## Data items
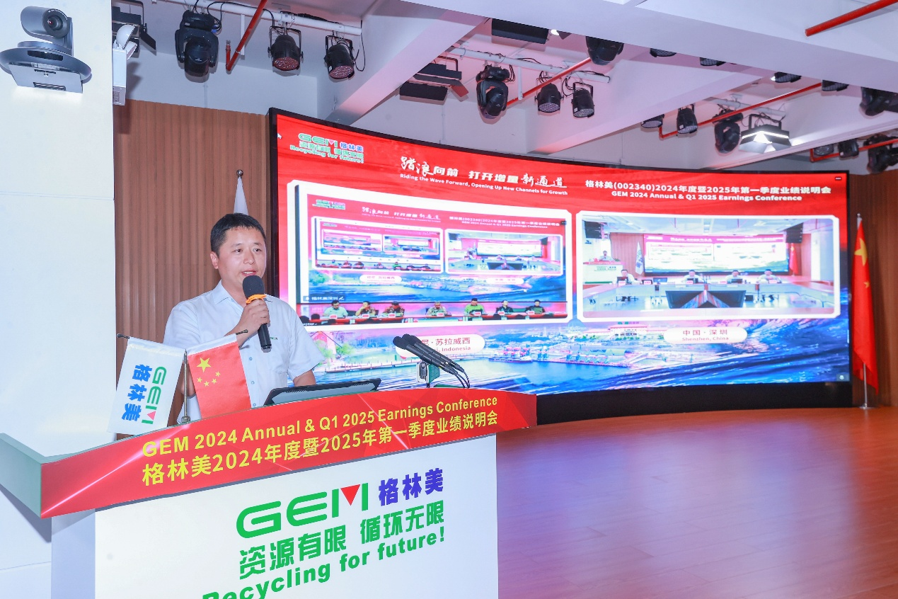 2025年5月6日,格林美以印尼蘇拉威西與中國深圳兩地連線+線上直播的融合形式,隆重召開主題為“踏浪向前,打開增量新通道”的2024年度暨2025年第一季度業(yè)績說明會(huì)。集團(tuán)董事長許開華教授親臨會(huì)場并發(fā)表題為《踏浪向前,打開增量新通道》的年度報(bào)告,報(bào)告以中英雙語形式,向現(xiàn)場近百位金融機(jī)構(gòu)代表、媒體精英及線上超十萬名全球投資者、網(wǎng)友,全景式展現(xiàn)了格林美立足全球的產(chǎn)業(yè)競爭優(yōu)勢、引領(lǐng)行業(yè)的技術(shù)創(chuàng)新格局,以及在ESG價(jià)值創(chuàng)造領(lǐng)域形成的標(biāo)桿性實(shí)踐成果。
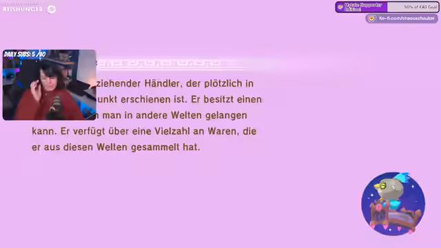 01:15:05Der dunkle Händler 'Humbert' tritt auf und teleportiert Spieler in die Albtraumwelt 'Dösalia'. Dort startet man auf Stufe 1 ohne Ausrüstung und muss durch Kämpfe und Sammeln von Gegenständen stärker werden. Händler tauscht gesammelte Traumwelt-Objekte gegen Traumpunkte ein. Warnung vor dem Rand des Bewusstseins, der instabile Zonen mit höheren Risiken darstellt. Ziel ist das Besiegen eines Boss-Monsters unter Zeitdruck.
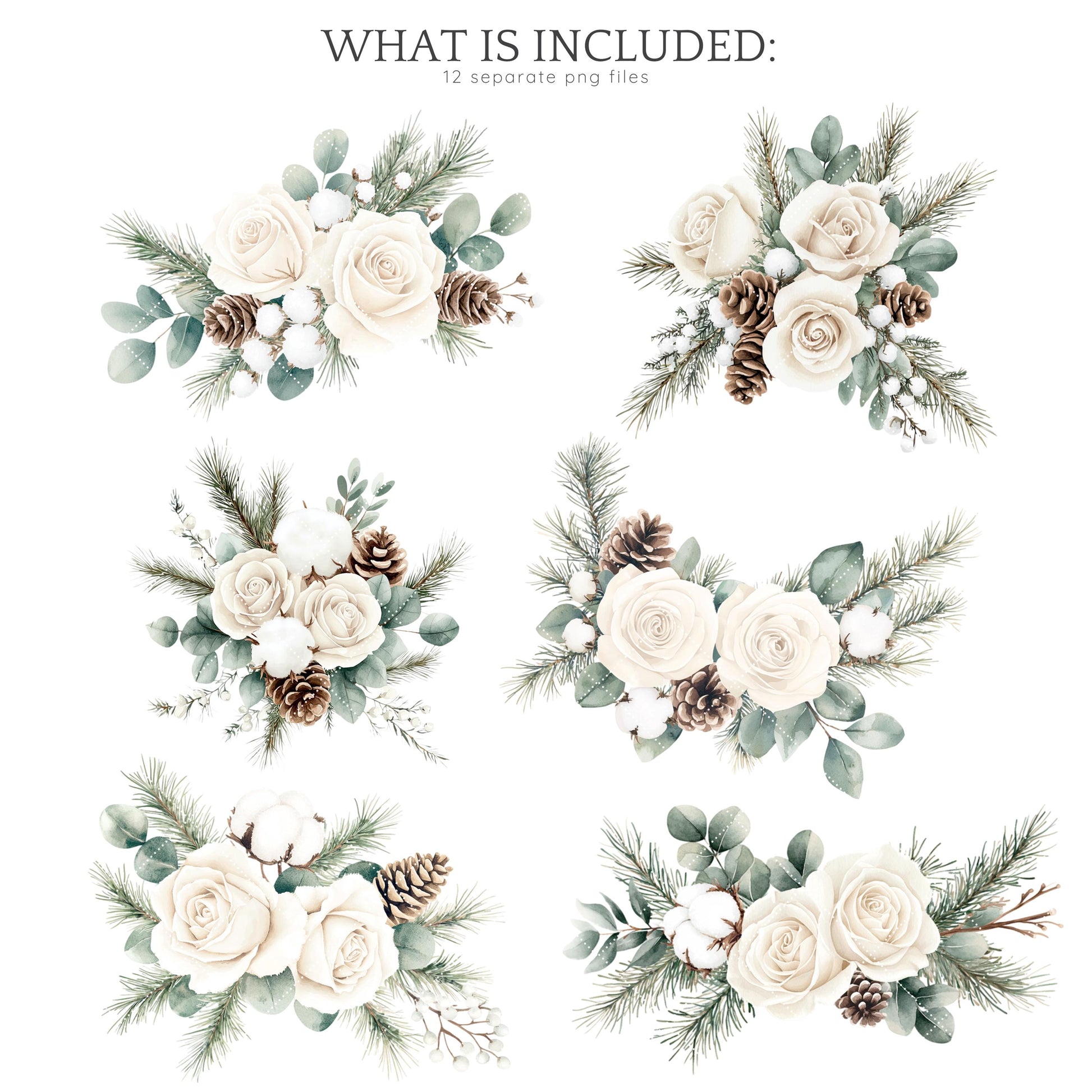 • 12 PNG floral compositions, 300 DPI
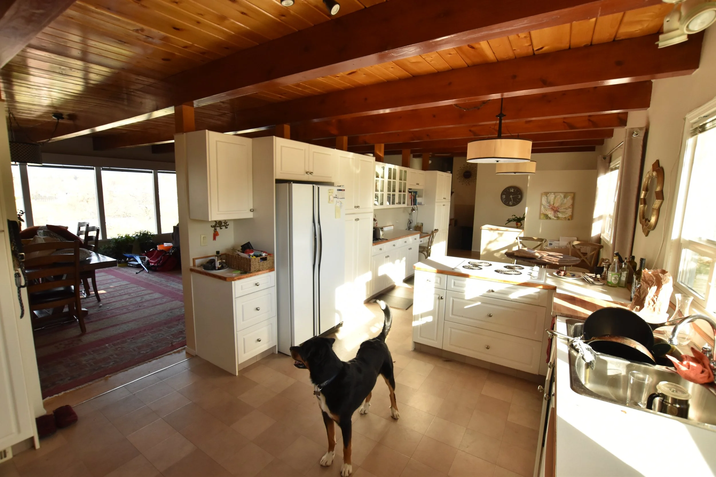 We brought this midcentury post and beam home into the twenty-first century. The customer had a great vision for what they wanted. The living room wall was end to end windows with fantastic views to the wall separating the kitchen from the rest of the home was removed and replaced with a laminated timer beam. A large island is perfect for entertaining and we built a custom curved range hood to the customers specifications with walnut accents to match the countertops. The gas fireplace was completely torn down and replaced with an electric fireplace and sunken tv nook. We used a large fir timber for the mantle and porcelain tile across the hearth.
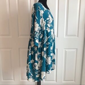 Crescent “Camila” Teal Floral Babydoll Swing Tunic Dress
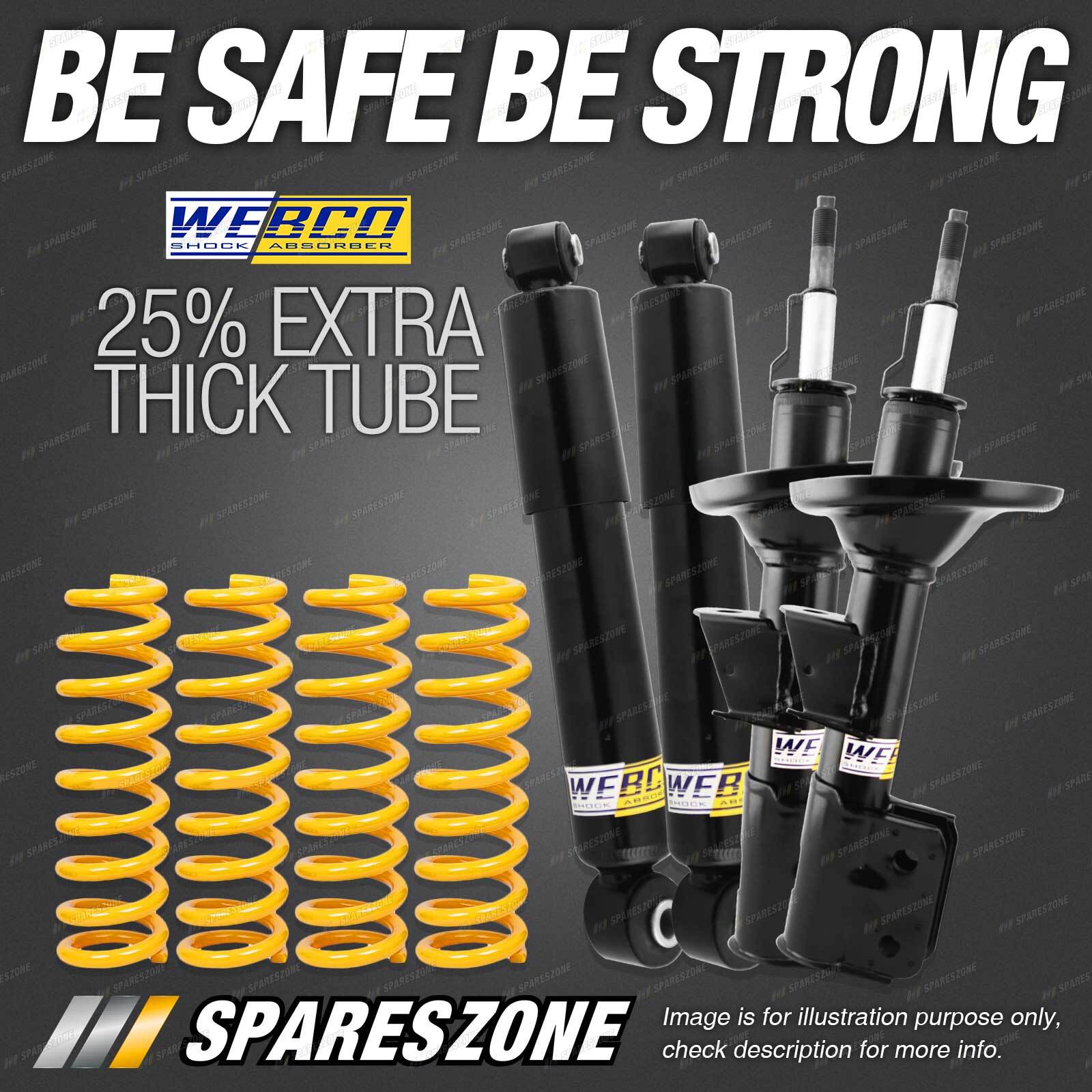 2 Pcs Front Webco Strut Shock Absorbers 2 Pcs Rear Webco Premium Shock Absorbers 2 Pcs Front Raised King Coil Springs (20mm Raised) 2 Pcs Rear Raised King Coil Springs (20mm Raised) |
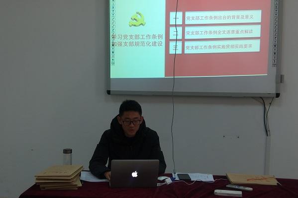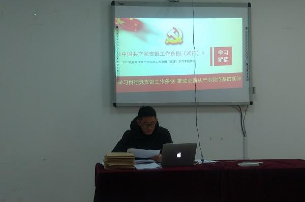 常老师逐章重点解读介绍了十九大以来开展学习党支部工作条例的相关背景,《中国共产党支部工作条例(试行)》的出台体现了中国共产党持之以恒推进全面从严治党的坚定决心以及把党支部建成坚强战斗堡垒的主张。《中国共产党支部条例(试行)》包含总则、组织设置、基本任务、工作机制、组织生活、党支部委员会建设、领导保障、附则八章。其中总则包含《条例》制定背景、党支部职能、党支部工作需遵循的原则三部分。常老师认为,学习《中国共产党支部条例(试行)》不应该停留在理论上,更应该以实际行动去践行条例的要求,时刻严格规范自己的一言一行。最后,常老师强调《中国共产党支部条例(试行)》制定和实施是推动全面从严治党向基层延伸的重要举措,为新时代党支部建设提供了基本遵循。加强了党的组织体系建设,对巩固党的长期执政的组织基础具有重大意义和深远影响。
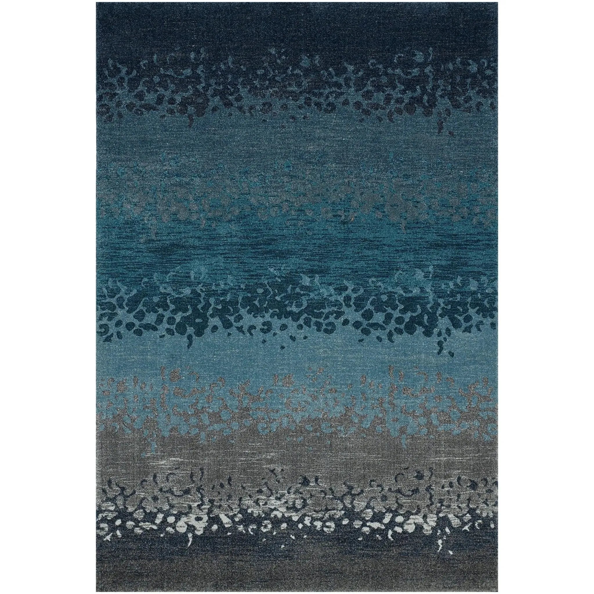 The Parisa PSA06 Denim/Multi Rug comes in various sizes, including 2x10, 5x7, 8x10, 8x11, 9x13, and 12x15 feet, accommodating different room dimensions.
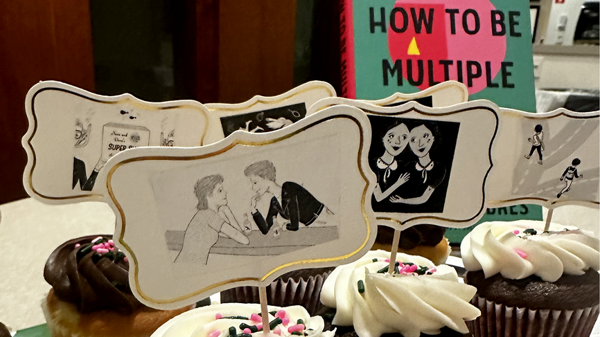 At the November 8 launch event for her book on campus at the Newhouse Center, Helena talked with her identical twin, Julia de Bres—who Zoomed in from her home in Wellington, New Zealand, and who illustrated How to Be Multiple—and Tracy Gleason, professor of psychology at Wellesley and the mother of teenage twins.
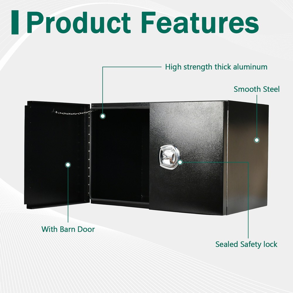 UPC: Does not apply Fitment: For Trucks, RV, ATV, Garage storage, Trailer, Job site, Flatbed Placement on Vehicle: Lower Color: Black Overall Dimensions: 36"(L) x 24"(W) x 24"(H) Thickness: 1.5mm Type: Truck Tool Box Manufacturer Part Number: Does Not Apply Position: Underbody gtin13: Does not apply Materials: Steel Brand: fastracingo
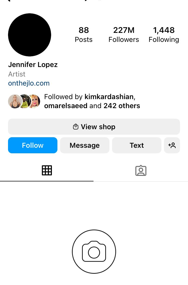 حذفت المغنية والممثلة العالمية، جنيفر لوبيز، جميع منشورات حسابها على إنستجرام الذي يضم 227 مليون متابع، وتم استبدال صورة الملف الشخصي بصورة سوداء فقط.
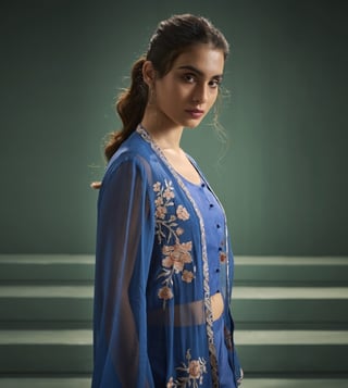 Elevate your style with the Autumnlane Blue Kimaya hibis Embroidered Relaxed Fit Co-ord Set. Embrace effortless elegance with this coordinating set featuring intricate hibiscus Embroidered and a relaxed fit silhouette. Perfect for any occasion, this set offers both comfort and style. Stand out from the crowd and make a statement with this chic ensemble. Upgrade your wardrobe with this versatile and trendy set that will take you from day to night with ease.

## What to do
Print exactly the lines from the first line of the records above through the line containing "01:15:05Der dunkle Händler", leaving out the pictures.

## Output
 2025年5月6日,格林美以印尼蘇拉威西與中國深圳兩地連線+線上直播的融合形式,隆重召開主題為“踏浪向前,打開增量新通道”的2024年度暨2025年第一季度業(yè)績說明會(huì)。集團(tuán)董事長許開華教授親臨會(huì)場并發(fā)表題為《踏浪向前,打開增量新通道》的年度報(bào)告,報(bào)告以中英雙語形式,向現(xiàn)場近百位金融機(jī)構(gòu)代表、媒體精英及線上超十萬名全球投資者、網(wǎng)友,全景式展現(xiàn)了格林美立足全球的產(chǎn)業(yè)競爭優(yōu)勢、引領(lǐng)行業(yè)的技術(shù)創(chuàng)新格局,以及在ESG價(jià)值創(chuàng)造領(lǐng)域形成的標(biāo)桿性實(shí)踐成果。
 01:15:05Der dunkle Händler 'Humbert' tritt auf und teleportiert Spieler in die Albtraumwelt 'Dösalia'. Dort startet man auf Stufe 1 ohne Ausrüstung und muss durch Kämpfe und Sammeln von Gegenständen stärker werden. Händler tauscht gesammelte Traumwelt-Objekte gegen Traumpunkte ein. Warnung vor dem Rand des Bewusstseins, der instabile Zonen mit höheren Risiken darstellt. Ziel ist das Besiegen eines Boss-Monsters unter Zeitdruck.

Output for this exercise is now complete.